Dr Becky Munford, reader in English Literature at Cardiff University’s School of English, Communication and Philosophy, who organised the project, said: “The response to the request for images for the ‘Who Wore the Trousers?’ section of the archive has already been fantastic.

"With several moving stories emerging from these photographs, this is one of the most exciting and valuable parts of the project. We would love to hear from anyone who has a photo to share or a story to tell”.


Ipswich borough council criticises Suffolk archive plans

A local council has raised a number of concerns with plans for a new archive facility in Ipswich.

A report prepared ahead of a meeting of the Ipswich borough council planning and development control committee criticised Suffolk county council’s plans for The Hold heritage centre because of a lack of a masterplan setting for the eastern elevation.

It also recommended that the building be made more environmentally friendly, with options including ensuring that at least 15% of its energy came from decentralised and renewable or low carbon sources and exploring the possibility of a green roof.

The report quoted the Ipswich Society, which seeks to preserve the town’s old buildings, as saying that while it supported the idea of The Hold, it was concerned that the proposed building itself was “a camel, a building that tries to meet the needs of all users and thus becomes a mish-mash of different styles”.

Ipswich borough council is a consultee in the planning process, with decision-making power resting with Suffolk council.

Cllr Tony Goldson, Suffolk county council’s cabinet member for health, said the council was now working with the design team to see how the front of the building and the eastern elevation could be made more visually striking.


Website for Mayflower passengers and descendants launches

The first website to provide comprehensive biographies of the Mayflower pilgrims, as well as an online community for their descendants, has now launched.

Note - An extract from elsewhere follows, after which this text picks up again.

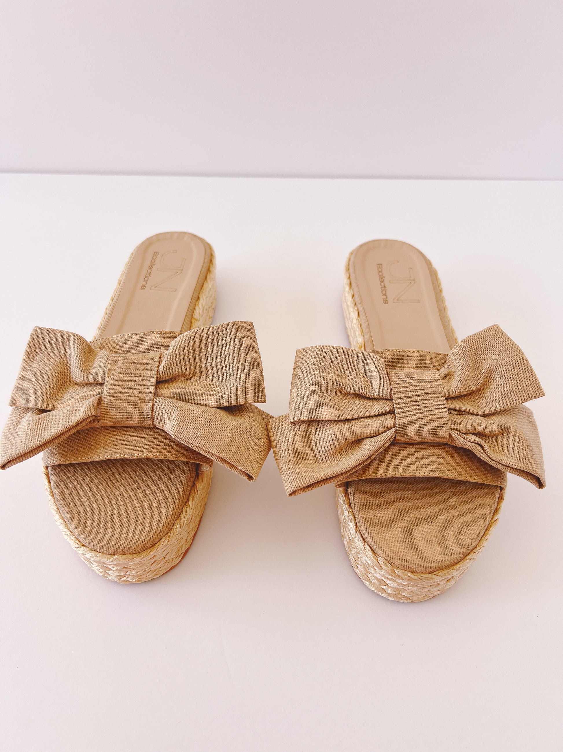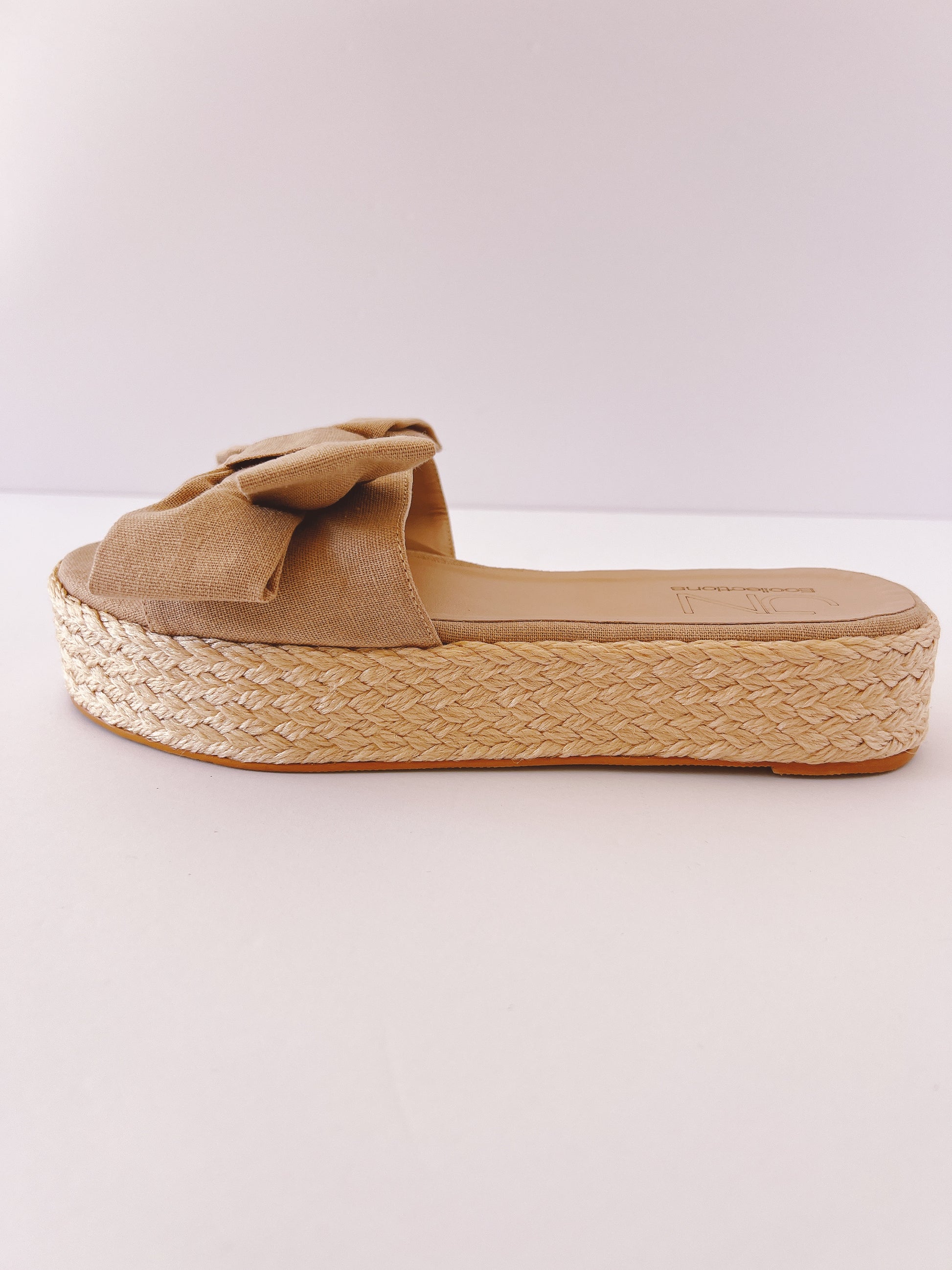 DETALLES: Sandalia con plataforma de yute / cinta de moño / cubierta tela

The Mayflower Heritage and History website has been developed by the New England Historic Genealogical Society, which announced a partnership with the General Society of Mayflower Descendants in July, as part of preparations to commemorate the 400th anniversary of the voyage in 2020.

The website features biographies of the Mayflower passengers and crew, with explanations of the resources used to research them, and the chance for the estimated 30 million Mayflower descendants alive today to add their name and photograph to an online gallery.

The Mayflower sailed from Plymouth to America in September 1620, transporting the first Puritans to the new world.